As a new company, how do you build trust with facility workers who might be sceptical of yet another "revolutionary" technology?
We make it a priority to be physically present on site, spending time with operators and teams to understand their day-to-day challenges. We ask questions, we listen carefully, and we build genuine relationships with the people who will ultimately use our technology. One of our core principles is avoiding the “black box” effect — the feeling that AI makes decisions without explanation. That’s why we design our system to clearly show why a waste item has been flagged, giving operators the context they need to trust and act on the information.
Our commitment to transparency also extends to our commercial approach. We structure our contractual terms so that clients have the opportunity to test and trial the technology, allowing them to directly verify its performance and understand its value before making long-term decisions. Over time, we’ve seen that this combination of openness, consistency, and responsiveness is what truly transforms skepticism into active engagement and collaboration.
Q: What skills gaps are you seeing in the waste-to-energy sector as facilities consider AI adoption?
The real gap is not technical, but interpretive. Operators do not need to code — they need tools that are intuitive, speak their language, and support their decision-making. That’s why we design our systems to be not only accurate, but also easy to use and understand. When people feel confident in interpreting and applying AI insights, technology becomes an ally. For us, a strong user experience combined with practical, hands-on training is essential to empower every worker and make them an active part of the transformation.

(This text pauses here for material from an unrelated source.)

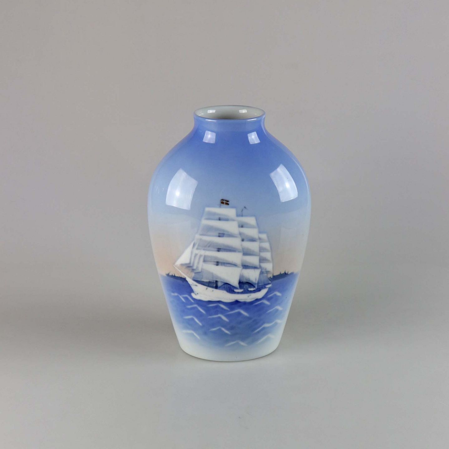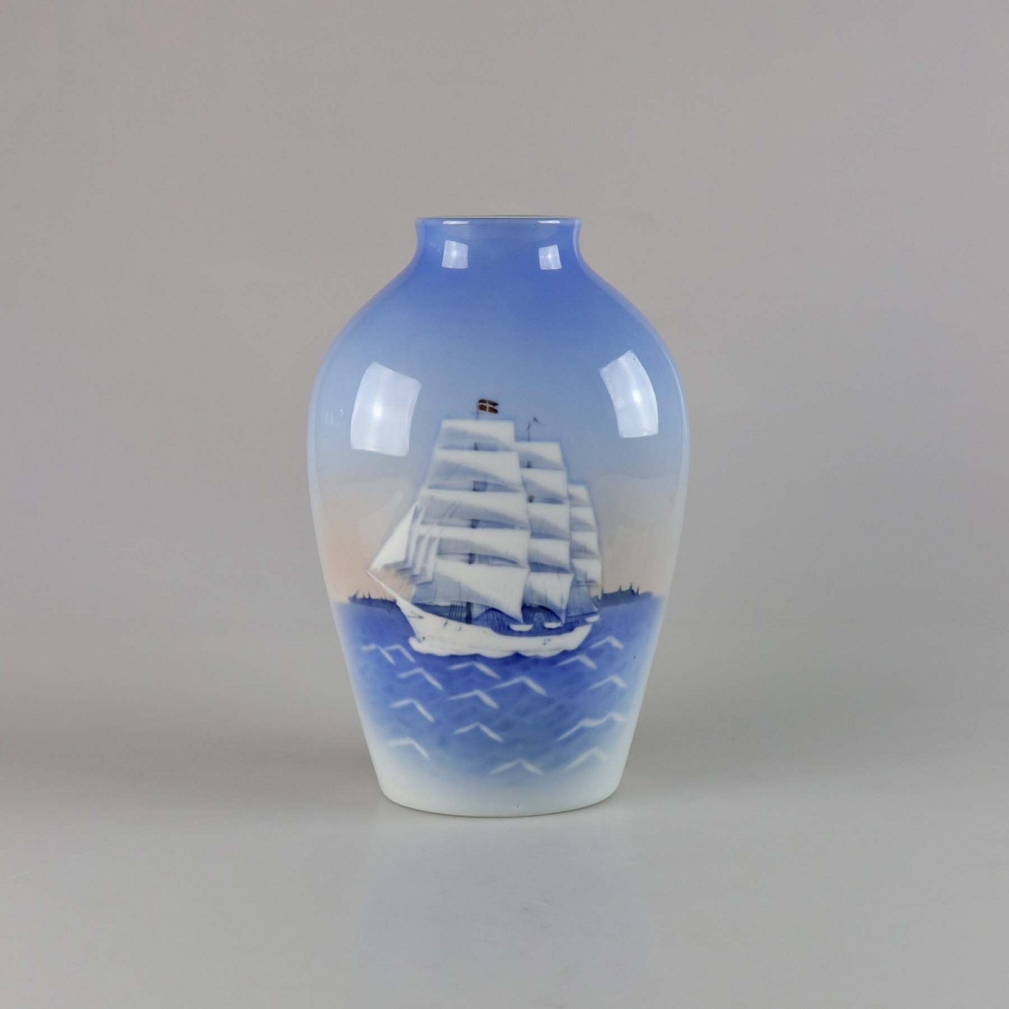 Oval vase i porcelæn med motiv af sejlskib no 1302/6239

Another significant gap lies in data utilisation. Waste-to-energy facilities generate enormous amounts of operational data, but much of it remains unanalyzed or unused. A core role of an AI company like ours is to make sense of this data — extracting actionable insights and delivering them to decision-makers in a way that supports smarter, faster, and more impactful choices.
Operators do not need to code — they need tools that are intuitive, speak their language, and support their decision-making.
How do you balance automation efficiency with maintaining meaningful human oversight in critical waste-to-energy processes?
Our approach is rooted in the belief that technology should amplify human expertise — taking over repetitive, physically demanding, or low-value tasks — while empowering operators to make better decisions and improve overall performance and profitability. We intentionally keep the human in the loop for all final decisions, ensuring that operators remain in control.
Automation is powerful when it comes to managing complexity and processing large volumes of data, but it is human judgment that brings context, nuance and accountability. For us, the real value of AI lies in this collaboration. We build smart systems to empower smart people, enabling faster, safer, and more informed decision-making.